7. Controller and Processor Obligations
The processing of personal data is subject to prior notification to the ARTCI. The notification includes a commitment that the processing meets the requirements of the Law. In response to the notification, the ARCTI will issue an electronic receipt, after which the processing may be carried out (Article 5 of the Law).
Notification to the ARTCI must contain at least the following (Article 9 of the Law):
- the identity, domicile, postal address of the responsible person of the processing or if it is not established in the Ivory Coast, those of his/her duly authorised representative, and in the case of a corporation, the company name, head office, the identity of its legal representative, registration number in the trade register, and the taxpayer account number;
- the purpose(s) of processing and a general description of its features;
- the interconnections considered in all other forms of connection in relation to other processing;
- the personal data processed, the origin of the data, and the categories of persons affected by the processing;
- the retention period of the processed data;
- the departments responsible for carrying out the processing and the categories of persons who, due to their duties or for the service requirements, have direct access to the data collected;
- the recipients authorised to receive processed data;
- the function of the person or department where the right of access is exercised;
- the measures are taken to ensure the security of the processing and the confidentiality of the processed data; and
- an indication of the use of a subcontractor or of a transfer of personal data to a third country.

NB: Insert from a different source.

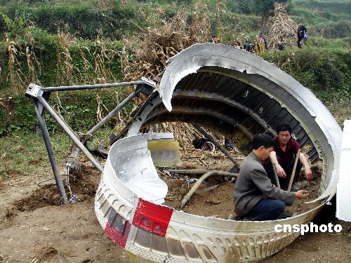 10月24日18時(shí)05分,在西昌衛(wèi)星發(fā)射中心發(fā)射的“嫦娥一號(hào)”衛(wèi)星,任務(wù)代號(hào)“07——34”,一級(jí)火箭殘骸成功著落于貴州福泉道坪鎮(zhèn)上平果村民組。殘骸 外殼著落于該村民組玉米地面,殘骸著落于一吳姓村民房屋中梁,全村民無(wú)人受傷。目前相關(guān)部門(mén)正在組織人員拆卸回收。中新社發(fā) 易勝武 攝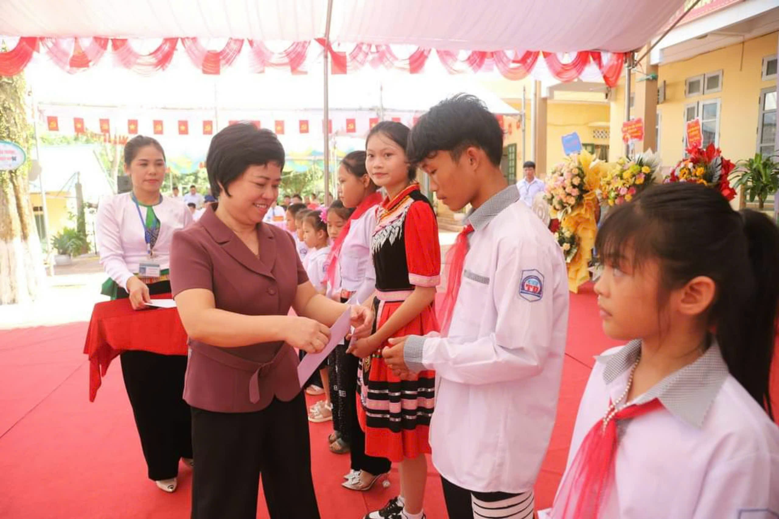 Đồng chí Nguyễn Thị Oanh, Chủ tịch Hội Khuyến học tỉnh Hòa Bình tặng học bổng

In the event of changes in the particulars listed above, the data controller must inform the ARTCI without delay. In such a case, the ARTCI may require submission of additional information by the controller (Article 9 of the Law).
The ARTCI shall make a decision within one month of receipt of the notification. However, this period may be extended for an additional month by a reasoned decision of the ARTCI. The ARTCI may, before taking any decision on the approval of the processing of personal data, appeal to any expertise deemed necessary (Article 11 of the Law and Article 4 of the Decree). A lack of response within the time limit from the ARTCI is equivalent to a rejection of the notification, and in such case, the controller may appeal to the competent court (Article 11 of the Law).
The request for prior authorisation together with the particulars listed above must be sent to the President of the Regulatory Board of the ARTCI by electronic mail, post, or by any other means against an acknowledgement of receipt.
Certain categories of personal data require prior authorisation from the ARTCI before processing, including (Article 7 of the Law and Article 6 of the Decree):
- the processing of genetic or medical data, including the processing of such data for scientific research;
- the processing of personal data relating to offences, convictions, or security measures imposed by the courts;
- the processing of a national identification number or any other identifier of the same nature, such as telephone numbers;
- the processing of biometric data;
- the processing of personal data on the basis of public interest, particularly for historical, statistical or scientific purposes;
- the processing of personal data for the purpose of judicial proceedings or open criminal investigations;
- the processing of personal data by a foundation, an association, or any other non-profit organisation engaging in political, philosophical, religious, or trade union activities;
- the transfer of personal data to a third country; and
- the interconnection of files containing personal data which are for legal or statutory purposes that present a legitimate interest for data controllers.
The ARTCI shall take a decision within one month of receipt of the application for authorisation, however, this period may be extended by one additional month subject to a reasoned decision of the ARTCI. The lack of response of the ARTCI to the application within the timeframe listed above amounts to a rejection of the application for authorisation. In this case, the controller may appeal to the competent court (Article 11 of the Law).
The following types of processing are exempt from prior notification or authorisation requirements (Article 6 of the Law):
- data processed by an individual in the exclusive context of his personal, domestic or family activities;
- the processing of data relating to an individual which is prescribed by law or regulation;
- data processing where the sole purpose is the keeping of a register which is intended for private use only; and
- data processing where the data controller had appointed a data protection officer. This exemption does not apply where the data is transferred to a third country.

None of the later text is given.